James designed this whole house as a place for people to live and work in relative comfort. He told his wife that he always planned to hire more help for every station, a doctor, a therapist, a front secretary, anything they might need while he's off on his business trips, always there for whenever they needed them. Of course, most of these places had been used so little, Liz questioned why they didn't just turn them into something else. Though James let their eldest child Brooke turn the storage room to her own "outfit room" as he called it, though the rest of the family called it the Costume Room. James told Liz, "no," without any other explanation whenever she brought up the subject of using any of these rooms for anything else.

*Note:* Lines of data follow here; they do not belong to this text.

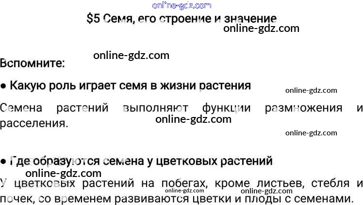 Готовые домашние задания по Биологии за 6 класс Учебник Пономарева, Корнилова Алгоритм успеха 2018 - §5. Семя, его строение и значение Вспомните
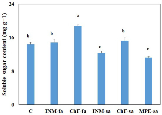 Plants receiving ChF-fa had higher leaf-soluble sugar content than the control; whereas, the ones receiving INM-sa or MPE-sa had lower leaf-soluble sugar contents (Figure 7).
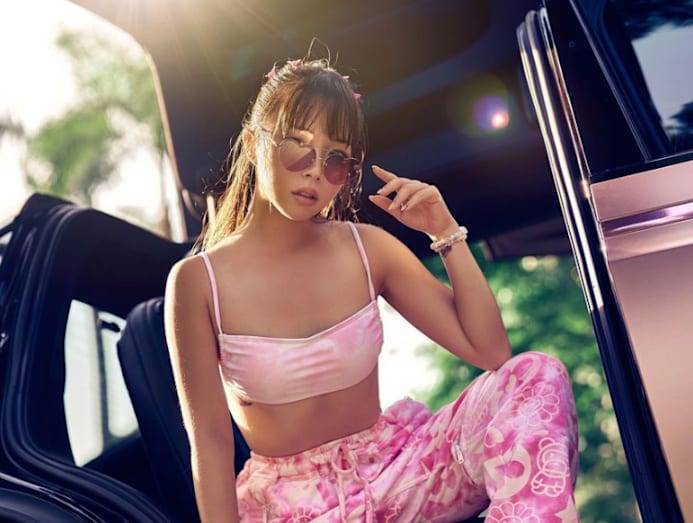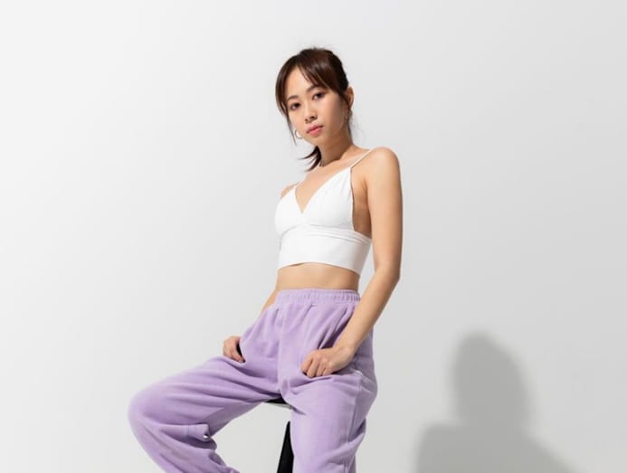 We like how Bonnie's #stayhome outfit of bralet and lavender track pants looks both comfy and cosy. Heading out? Throw on a pair of colourful kicks for a bold statement.

There were four slope children, and James always pointed out that they didn't get out of the house enough when he was around. The maid Brianna usually told him off for this, but she had never liked him much. James knew this was because she was secretly in love with Liz, something he could tell by the way she longingly looked at her best friend when she knew Liz wasn't looking. She wasn't paying attention to anyone else though, and both James and their children knew Bri's secret without ever having to ask. They never mentioned this to his wife and their mother, of course.